WORK TO COMPLETE: What you return should be the lines from the one with "New Without Tags" through the one with "Unicarbazan Forte Tablet" in the data below, reproduced exactly with both ends, and no pictures at all.

SOURCE DATA:
Segment Open
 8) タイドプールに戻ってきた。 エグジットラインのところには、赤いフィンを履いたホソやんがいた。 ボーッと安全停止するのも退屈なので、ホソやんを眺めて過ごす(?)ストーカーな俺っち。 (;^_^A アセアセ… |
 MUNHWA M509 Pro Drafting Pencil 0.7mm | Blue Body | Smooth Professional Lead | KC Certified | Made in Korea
Segment Closed
Segment Open
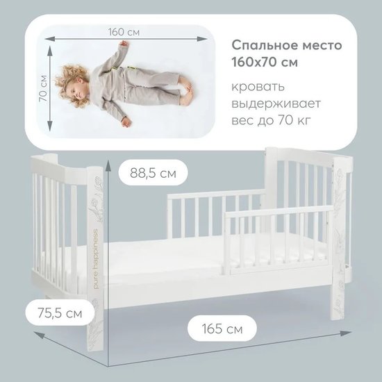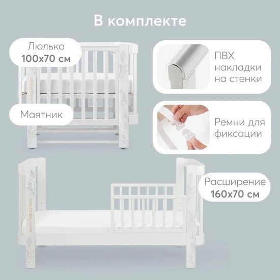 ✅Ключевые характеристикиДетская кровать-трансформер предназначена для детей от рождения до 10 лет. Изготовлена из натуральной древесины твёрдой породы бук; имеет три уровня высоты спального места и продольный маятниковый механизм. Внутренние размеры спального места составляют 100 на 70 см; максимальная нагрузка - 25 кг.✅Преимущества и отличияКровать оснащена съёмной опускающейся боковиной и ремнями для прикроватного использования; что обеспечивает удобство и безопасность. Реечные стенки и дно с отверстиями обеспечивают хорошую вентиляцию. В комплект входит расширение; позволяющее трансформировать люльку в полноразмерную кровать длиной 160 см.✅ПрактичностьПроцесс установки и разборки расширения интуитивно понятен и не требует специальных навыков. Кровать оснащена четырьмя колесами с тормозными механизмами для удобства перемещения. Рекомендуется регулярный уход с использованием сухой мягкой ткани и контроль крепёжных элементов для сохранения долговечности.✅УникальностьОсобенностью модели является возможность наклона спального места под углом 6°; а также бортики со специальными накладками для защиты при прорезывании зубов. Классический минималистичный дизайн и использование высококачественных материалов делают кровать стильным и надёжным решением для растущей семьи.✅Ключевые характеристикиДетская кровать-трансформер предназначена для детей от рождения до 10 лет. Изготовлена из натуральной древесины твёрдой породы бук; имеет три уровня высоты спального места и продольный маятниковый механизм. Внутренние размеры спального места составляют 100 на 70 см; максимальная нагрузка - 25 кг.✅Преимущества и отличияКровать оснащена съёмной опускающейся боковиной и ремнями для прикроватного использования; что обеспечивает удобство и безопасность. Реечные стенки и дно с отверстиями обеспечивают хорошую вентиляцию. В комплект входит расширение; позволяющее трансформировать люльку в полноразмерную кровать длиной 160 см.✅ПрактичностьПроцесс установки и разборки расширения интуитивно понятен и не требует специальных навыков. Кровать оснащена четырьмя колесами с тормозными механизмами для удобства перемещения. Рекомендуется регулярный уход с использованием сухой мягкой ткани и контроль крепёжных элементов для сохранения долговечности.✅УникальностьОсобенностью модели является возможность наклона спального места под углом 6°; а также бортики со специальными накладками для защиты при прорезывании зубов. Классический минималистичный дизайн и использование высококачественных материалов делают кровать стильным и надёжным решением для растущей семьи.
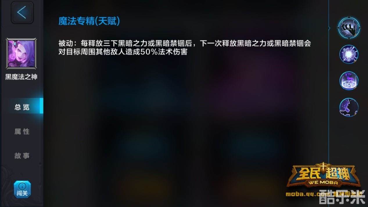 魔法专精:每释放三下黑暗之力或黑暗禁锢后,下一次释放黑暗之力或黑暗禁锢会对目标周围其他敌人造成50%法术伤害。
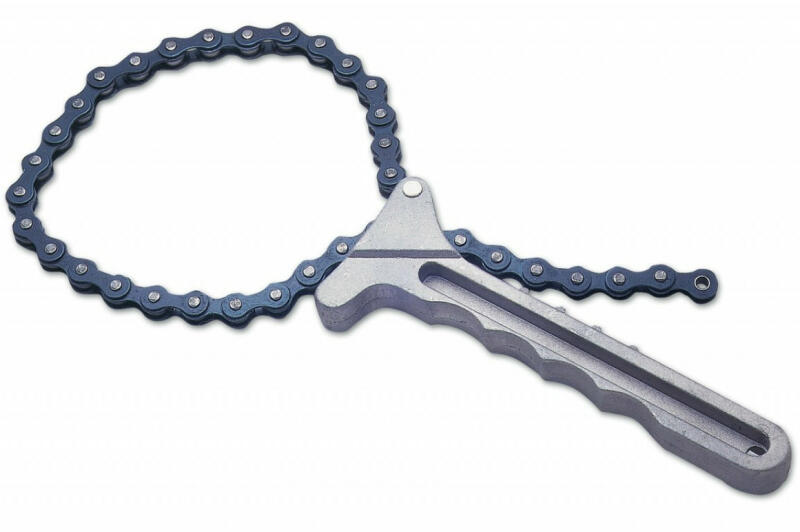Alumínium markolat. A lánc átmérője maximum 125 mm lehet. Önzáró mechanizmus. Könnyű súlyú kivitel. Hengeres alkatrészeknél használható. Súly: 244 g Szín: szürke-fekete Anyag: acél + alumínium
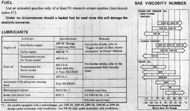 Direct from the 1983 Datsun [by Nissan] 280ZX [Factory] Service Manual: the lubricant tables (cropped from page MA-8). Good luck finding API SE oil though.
Segment Closed
Segment Open
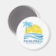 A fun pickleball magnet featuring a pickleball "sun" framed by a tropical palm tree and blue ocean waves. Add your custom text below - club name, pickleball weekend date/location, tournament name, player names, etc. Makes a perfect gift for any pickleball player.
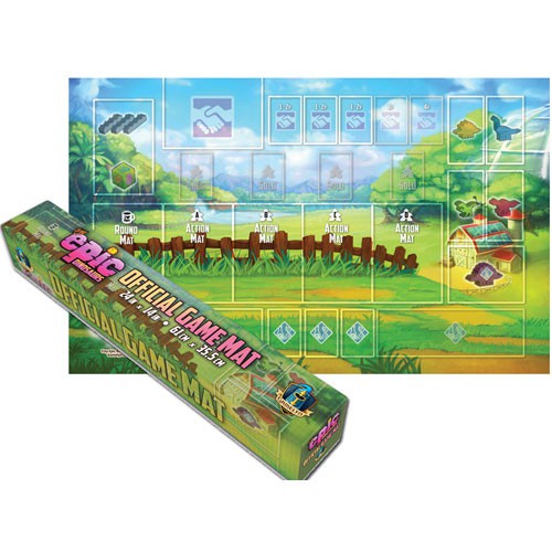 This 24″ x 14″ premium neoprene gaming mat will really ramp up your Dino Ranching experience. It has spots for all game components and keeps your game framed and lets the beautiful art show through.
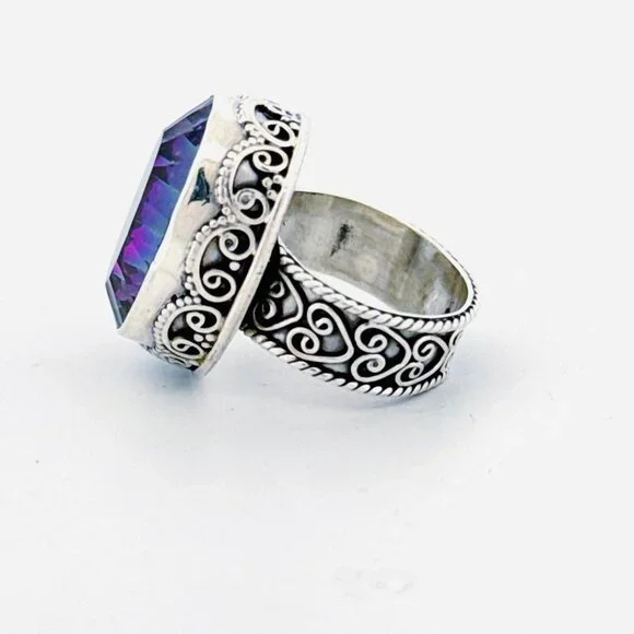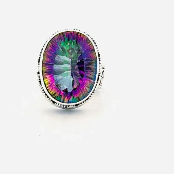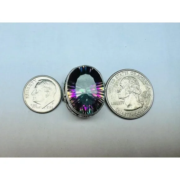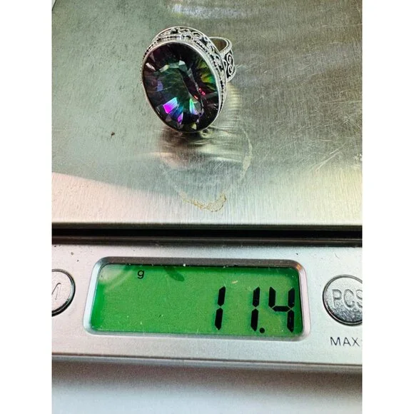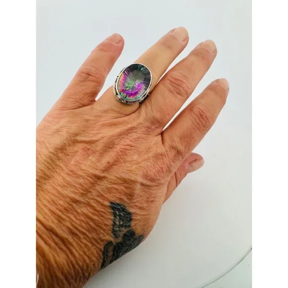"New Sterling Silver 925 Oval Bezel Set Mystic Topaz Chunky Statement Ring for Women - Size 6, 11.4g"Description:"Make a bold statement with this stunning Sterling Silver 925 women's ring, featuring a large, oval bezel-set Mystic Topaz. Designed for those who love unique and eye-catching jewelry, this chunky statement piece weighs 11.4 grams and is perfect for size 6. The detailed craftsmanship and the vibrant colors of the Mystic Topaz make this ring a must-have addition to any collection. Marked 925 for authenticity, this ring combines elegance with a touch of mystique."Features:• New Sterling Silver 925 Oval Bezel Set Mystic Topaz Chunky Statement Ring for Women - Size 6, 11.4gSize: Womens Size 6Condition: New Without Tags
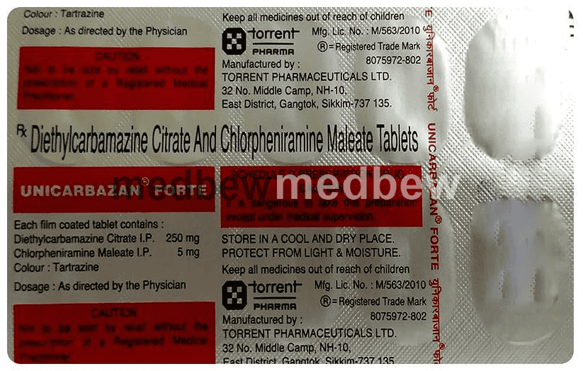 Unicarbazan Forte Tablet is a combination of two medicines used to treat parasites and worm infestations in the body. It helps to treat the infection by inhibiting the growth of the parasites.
Segment Closed
ANSWER TO THE EXERCISE:
"New Sterling Silver 925 Oval Bezel Set Mystic Topaz Chunky Statement Ring for Women - Size 6, 11.4g"Description:"Make a bold statement with this stunning Sterling Silver 925 women's ring, featuring a large, oval bezel-set Mystic Topaz. Designed for those who love unique and eye-catching jewelry, this chunky statement piece weighs 11.4 grams and is perfect for size 6. The detailed craftsmanship and the vibrant colors of the Mystic Topaz make this ring a must-have addition to any collection. Marked 925 for authenticity, this ring combines elegance with a touch of mystique."Features:• New Sterling Silver 925 Oval Bezel Set Mystic Topaz Chunky Statement Ring for Women - Size 6, 11.4gSize: Womens Size 6Condition: New Without Tags
 Unicarbazan Forte Tablet is a combination of two medicines used to treat parasites and worm infestations in the body. It helps to treat the infection by inhibiting the growth of the parasites.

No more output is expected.